Retrieving the values should be even simpler, by calling colour.TriSpectralPowerDistribution.items method but I noticed it is broken (and not even unit tested) so you need latest develop branch.

References

• CIE TC 1-38. (2005). CIE 167:2005 Recommended Practice for Tabulating Spectral Data for Use in Colour Computations. ISBN:978-3-901-90641-1

[KelSolaar]

@aforsythe, @miaoqi : I think we should document how to generate the spectral dataset, i.e. make a writeup of the above ^

[agentirons]

Thanks for the useful information, @KelSolaar! I revised the dataset using the list you gave and tested with the latest ampas version of rawtoaces. It still results in bizarre colors, presumably because of the Foveon sensor.

@aforsythe You could merge in the .json file now that it has correct data, or I can close the pull request until the unusual sensor is accounted for.

[aforsythe]

@agentirons I'd prefer not to merge if the spec sens is giving strange results. Do you have examples? I just want to make sure that it's not another bug that we are just attributing to the foveon.

[agentirons]

Sample was pulled from the RAW files on this page: https://www.dpreview.com/reviews/sigmasd1/14

[aforsythe]

The spec sens looks pretty weird. It might be due to the measurement methodology or to the physics of the foveon sensor.

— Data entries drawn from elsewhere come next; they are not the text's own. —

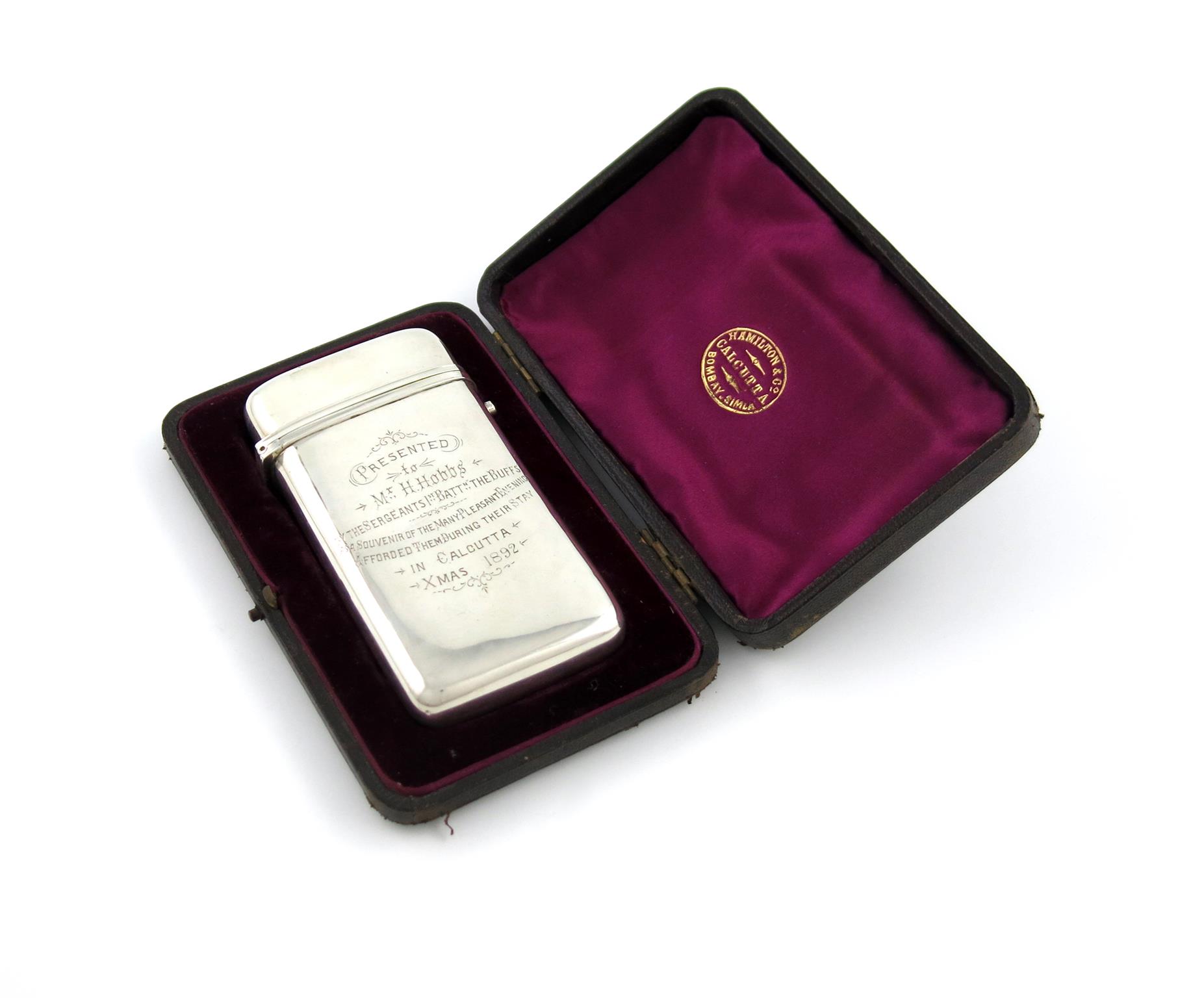 plain rectangular form, the front inscribed 'Presented to Mr. H. Hobbs, by the Sergeants 1st Battn. The Buffs, as a souvenir of the many pleasant evenings afforded them during their stay in Calcutta , Xmas 1892', in a fitted case, length 12cm, approx. weight 3oz.
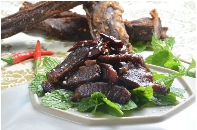 牛干巴:盐+花椒+酒腌制,太阳晒干(非阴干)
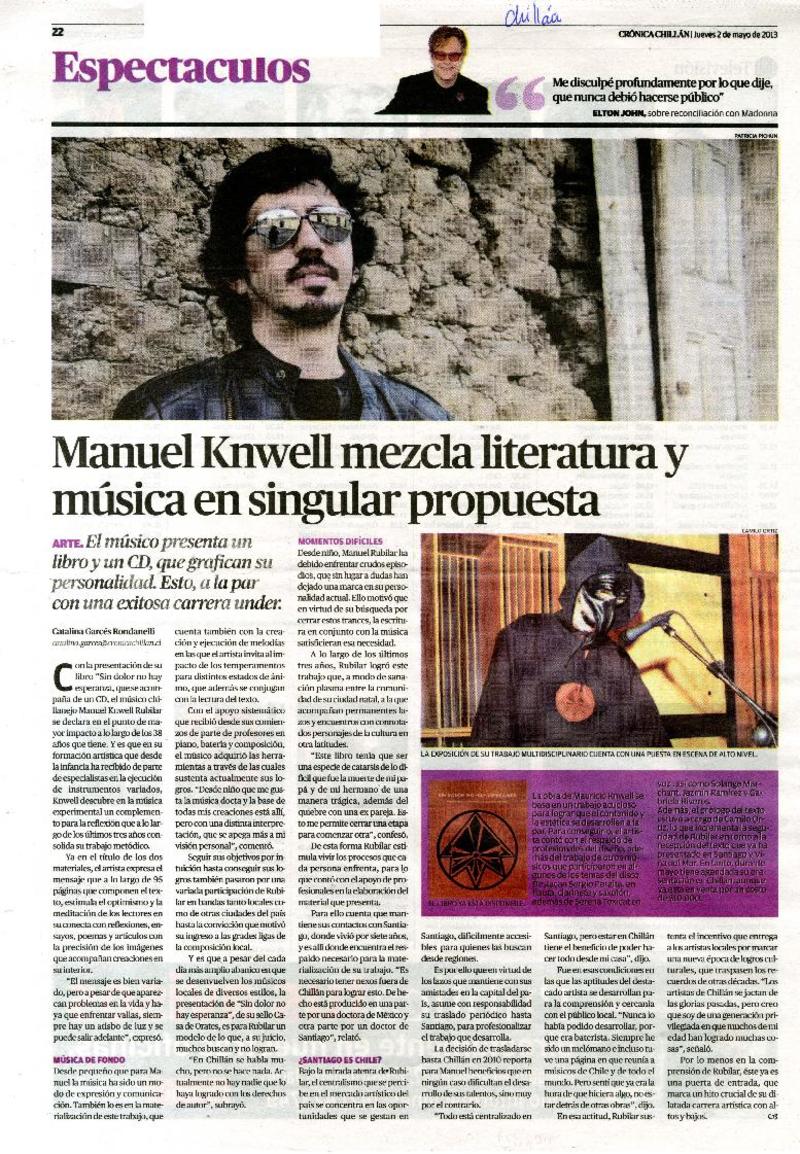 Manuel Knwell mezcla literatura y música en singular propuesta [artículo] Catalina Garcés Rondanelli.
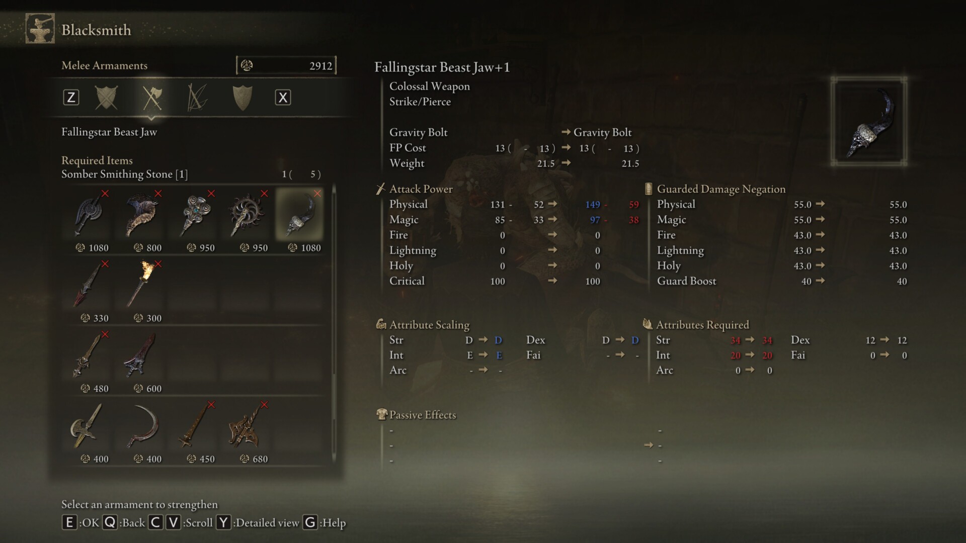 - Somber Smithing Stones – However, there are those with more unique names, and these require Somber Smithing Stones. If a weapon seems like it was once in a character’s possession, it dropped from a boss, it has a special skill, or it’s more thematic, then it’ll likely need Somber Smithing Stones instead. Examples include Ghiza’s Wheel, Serpent Hunter, Rosus’ Axe, and Fallingstar Beast Jaw.
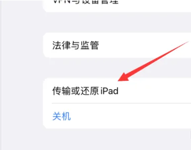 在下面找到傳輸或還原ipad選項,點擊打開。
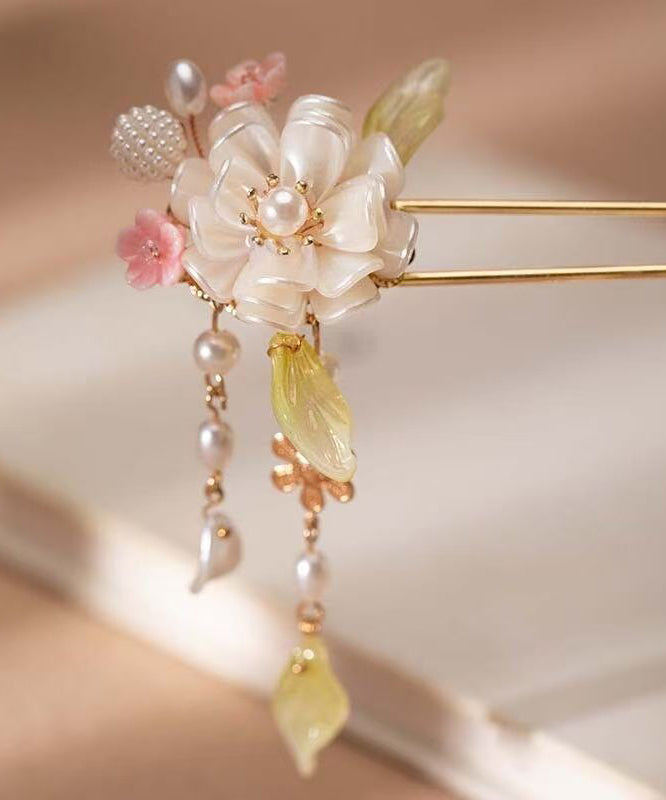 Chinese Style Gold Alloy Pearl Colored Glaze Tassel Hairpin
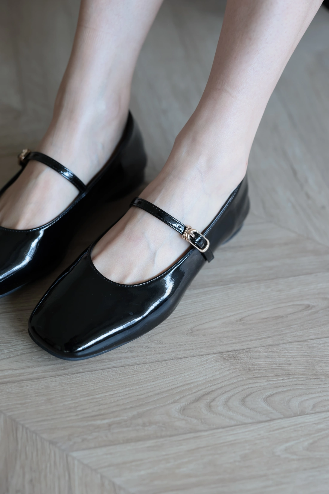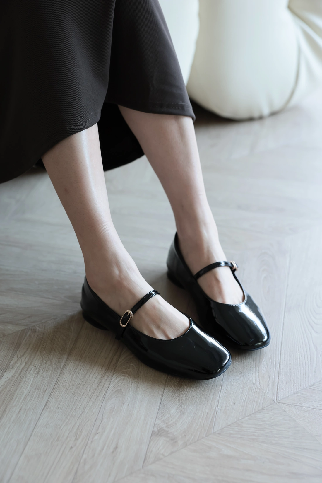 可愛方頭娃娃鞋/亮面材質好擦拭/三色都好看好搭

Either way, it's not working when we try to calculate the IDT matrix.

alex@Alexs-MacBook-Pro-Retina:~/Source/rawtoaces/build (sigma)$ rawtoaces -v -v /Users/alex/Downloads/SDIM0045.X3F 

Starting rawtoaces ...
Processing /Users/alex/Downloads/SDIM0045.X3F ...
The camera has been identified as a Sigma SD1 ...
White Balance method is 0 - Using white balance factors from file metadata ...
IDT matrix calculation method is 0 - Calculating IDT matrix using camera spec sens ...
Regressing IDT matrix coefficients ...
Ceres Solver Report: Iterations: 14, Initial cost: 1.098822e+05, Final cost: 2.052954e+04, Termination: CONVERGENCE
The IDT matrix is ...
   1.949722 -3.498626 2.548903
   -0.943338 0.974112 0.969225
   3.264764 -11.956353 9.691590
Applying IDT Matrix ...
The final white balance coefficients are ...
   1.000000   1.000000   1.000000
Writing ACES file to /Users/alex/Downloads/SDIM0045_aces.exr ...
Finished

I would have expected --mat-method 2 to possibly work, but that seems pretty broken as well.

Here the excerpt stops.